- Born: Donald Weeke 1947 (age 78–79) Addieville, Illinois, U.S.
- Education: Studied under basket weaver Misti Washington
- Known for: Gourd and weaving work
- Movement: Arts and Crafts movement

= Don Weeke =

American artist

Don Weeke (born 1947) is an American fiber and gourd artist from Addieville, Illinois best known for combining basketry with gourds using natural materials from the environment. His work is regularly on display nationally at galleries and has been featured in art books, including Fiberarts Design Book 7, The Complete Book of Gourd Craft, and 500 Baskets.

==Early life and education==
Weeke grew up in a small farming community in southern Illinois. His first exposure to art were the quilts his grandmother sewed.

He received a bachelor's in mathematics and computer science from the University of Illinois Urbana-Champaign in 1969 and a master's degree in social work in 1976 from San Diego State University.

==Artwork==
Weeke began basket weaving and teaching workshops in 1978 after studying natural basket weaving from weaver Misti Washington. He expanded his career and began working with gourds after collecting willow in a stream bed and noticing interesting shapes in a nearby field, which launched his gourd weaving career that integrated gourd and basketry techniques, including those used by indigenous cultures.

He uses fibers native to the San Diego County area he lives in, including Torrey pine needles, fronds from the king and date palm trees, willow and oak branches, and acorns from the mountains. His work utilizes both traditional and contemporary basketry techniques, and he also burns, carves and paints gourds to manipulate the surfaces.
He also gives art workshops and speaks in different cities, which he first began doing in 1986 in Telluride, Colorado.

===Shows===
Weeke's art has shown in museums and galleries nationally, including a two-month show at the Racine Art Museum titled Basketworks: The Cotsen Contemporary American Basket Collection, from September 2008 to January 2009, The Gadfly gallery in Alexandria, Virginia, the main gallery at the Borrego Art Institute in Borrego Springs, California, 2Create Gallery in Ramona, California, and the Julian Arts Guild Gallery in Julian, California. His artwork was also included in the Words Imagined exhibit of four artists at the Rose Art Gallery in San Diego on the campus of Francis Parker School from October through December 2019 and again at the Rose Art Gallery in the Artists of Julian exhibit from February to March 2016.

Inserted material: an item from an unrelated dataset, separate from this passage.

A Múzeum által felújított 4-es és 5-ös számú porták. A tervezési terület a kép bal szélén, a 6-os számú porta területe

Weeke was the keynote speaker in April 2012 at a two-day "Baskets and Gourds: Containers of Our Culture IV" conference in Visalia, California.

His work showed in the Juried and Invitational Basketry Exhibit at Arrowmont and Fuller Craft Museum in Brockton, Massachusetts in October 2013.

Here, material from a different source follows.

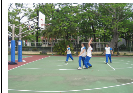
學生下課常一起打籃球 ，有益視力保健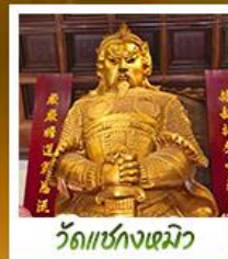
วัดเข่งงหมิว

The Los Angeles Times described his work, while on display at the Wignall Museum of Contemporary Art in Cucamonga, California, as "sculptural works" that "blend traditional basketry techniques and contemporary materials.

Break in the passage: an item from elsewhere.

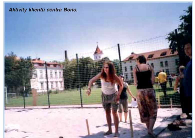
Aktivita klientů centra Bono.

Ano jedná se o 15. výročí. Slouží lidem v kritických životních situacích. Tyto služby jsou pro větší sídla naprosto nutné. Nejde jen o linku důvěry, jde i o možnost zůstat krátce na lůžku, tam kde je to nutné - prakticky anonymně. Toto zařízení představuje pro léčebnu ekonomicky ročně ztrátu asi 3 mil. Kč, chceme ho zachovat, ale je třeba uvažovat o získání podpory z jiných zdrojů, než jsou platby od pojišťovny, a také o možná úspornějším provozu.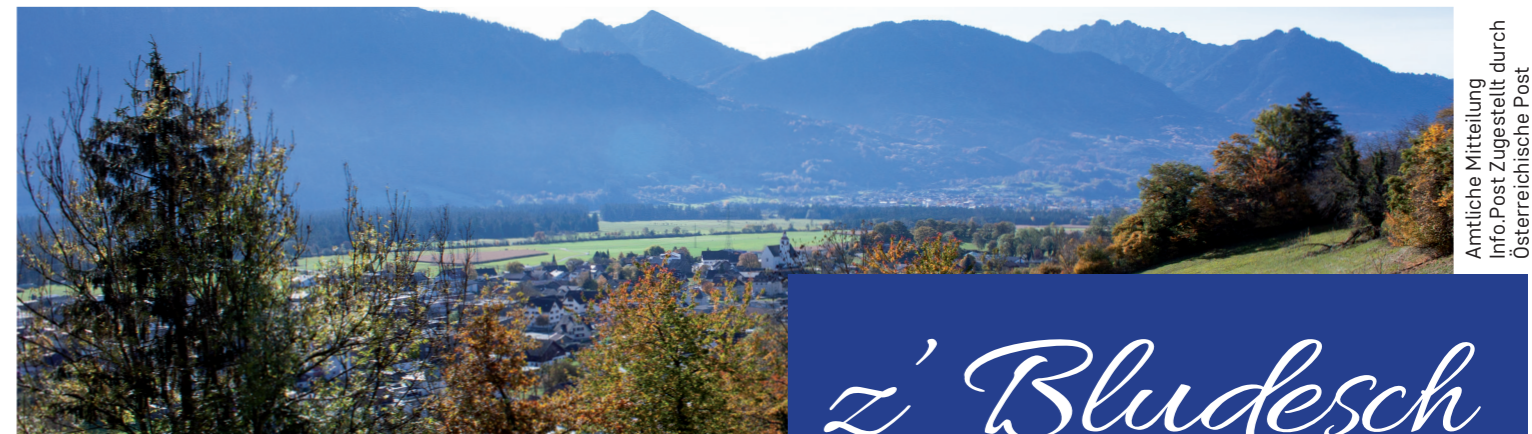
Informationen der Gemeinde Bludesch, September 2021

As early as 1982, his work showed in the Art Barn art gallery at Middle Tennessee State University in Murfreesboro, Tennessee. Weeke has also participated in the annual Gourd Fine Art Show at the Art Center of Fallbrook, which each year runs for a month.

===Awards===
Weeke was awarded a 1979 Purchase Award from the annual Fourth Avenue Street Fair sponsored by the Fourth Avenue Merchants' Association in Tucson, Arizona for his potato basket made of olive and palm.

==Personal life==
He lives in Julian, California, a mountain community and former mining town in San Diego County, where he is a member of the Julian Arts Guild.